MAdLand presents at DOMPS Plant Science Seminar

23 Feb 2024

The MAdLand logo with the text “Molecular Adaptation to Land: plant evolution to change”

Deepti Varshney and Saskia Hiltemann from the University of Freiburg presented a talk entitled "MAdLand Resources & Tools" at the Plant Science Seminar organised by the Department of Molecular Plant Sciences (DOMPS), Institute of Biology, University of Freiburg on February 23, 2024.

Both are involved in the MAdLand (Molecular Adaptation to Land) project, a DFG-funded research consortium exploring the molecular mechanism behind the transition from water to land, from alga to land plant. MAdLand is committed to support and promote FAIRification of all research data generated within its projects, through the use of comprehensive research data management (RDM) strategies for the effective acquisition, processing, archival, and sharing of research data sets. This goal strongly aligns with DataPLANT aims, and therefore MAdLand heavily relies on DataPLANT resources and tools (e.g. ARCs) to achieve this goal, and is committed to a close collaboration with DataPLANT, in line with the previously signed Memorandum of Understanding between MAdLand and NFDI4Plants on joint collaboration in research data management in fundamental plant research.

As a further part of this collaboration, MAdLand is committed to making its collection of plant research tools and resources openly and freely available to the scientific community, with the support of de.NBI.

All work presented in the seminar presentation is part of this collaboration between MAdLand, DataPLANT (NFDI4Plants), de.NBI & Galaxy and covered the core set of resources useful for plant researchers: MAdLandDB (GenomeZoo), Galaxy, TAPscan v4, and DataPLANT ARCs.

Galaxy is a widely used open-source platform that enables user-friendly bioinformatics while adhering to the FAIR (findable, accessible, interoperable, reusable) science principles. The Galaxy Training Network (GTN) employs a collaborative, open, and FAIR approach to scientific training materials. With over 300 tutorials authored and reviewed by a global community, the GTN serves researchers, educators, and scientific tool developers, this is a valuable resource for any researcher looking to perform their own data analysis.

MAdLandDB, also known as the Genome Zoo, offers a comprehensive protein sequence database accessible via Galaxy. The database includes protein sequences of various lineages, including, e.g., fungi, animals, phylo-diverse algae, bacteria, and archaea, with the focus on non-seed plants and streptophyte algae. It provides reliable protein sequences for comparative sequence analyses.

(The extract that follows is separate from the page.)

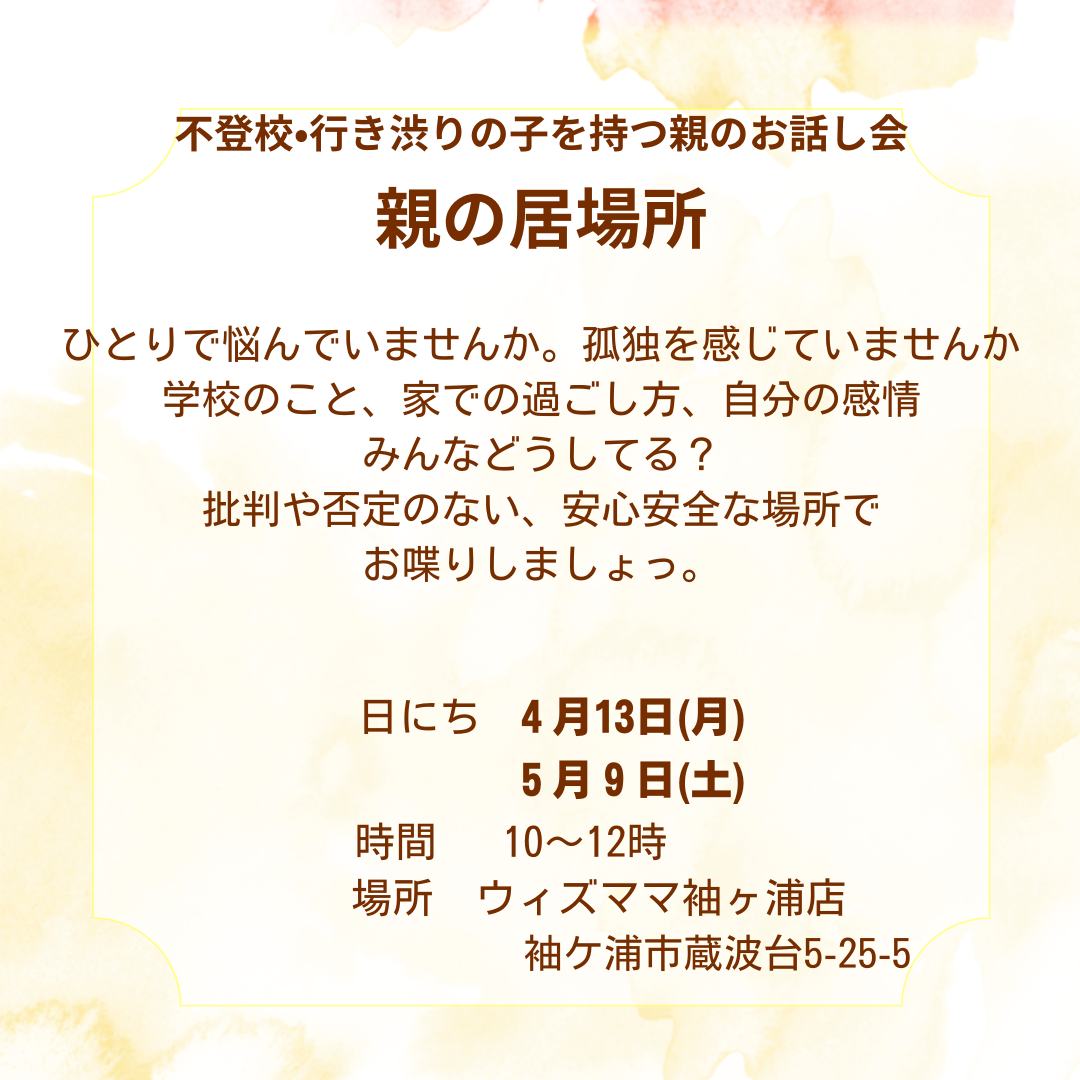 | 名称 | 親の居場所 〜不登校の子をもつ親のお話し会・次回4月13日(月)・5月9日(土)〜 |
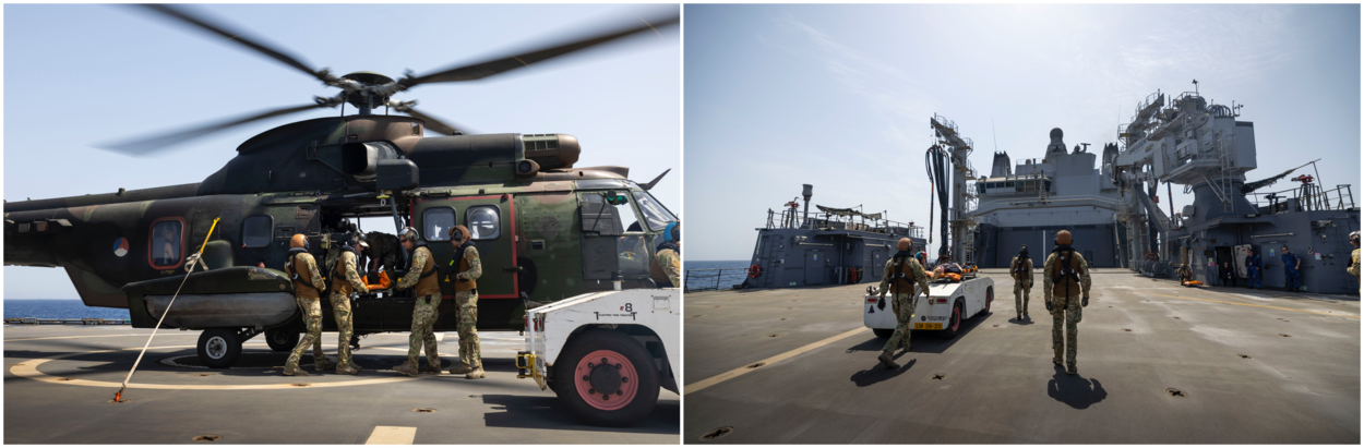 De helibemanning, flightnurses en opvarenden van de Karel Doorman beoefenen de afvoerketen van een medevac.

TAPscan v4 (currently in beta) is an advanced tool for genome-wide annotation of plant transcription-associated proteins (TAPs). TAPs (TFs and TRs) are key to understanding the development and evolution of plant form and function. Access to reliable, up-to-date classifications of TAPs enables comparative analyses that expand our knowledge of plant transcriptional regulation.

ARCs (Annotated Research Contexts) represent an important part of a plant researcher's RDM (research data management) strategy. ARCs are developed by DataPLANT (NFDI4Plants) and are an RO-crate implementation optimised for plant research data. DataPLANT has developed useful tooling around ARCs, that will aid plant researchers in their creation and publication. The MAdLand project is committed to creating ARCs for each of its funded projects. Several MAdLand ARCs have already been published, and more are set to be released in the coming months.

Picture of Saskia Hiltemann presenting the MAdLand tools and resources at the DOMPS plant science seminar. Several attendees can be seen in the foreground, the current slide behind her is entitled “Why ARCs?” and shows a visual representation of the data management lifecycle of research projects.

Acknowledgements: The speakers would like to thank the organisers of DOMPS for providing the opportunity to present a talk at the seminar. The speakers would also like to thank the MAdLand/Rensing lab, Galaxy, DataPLANT and de.NBI.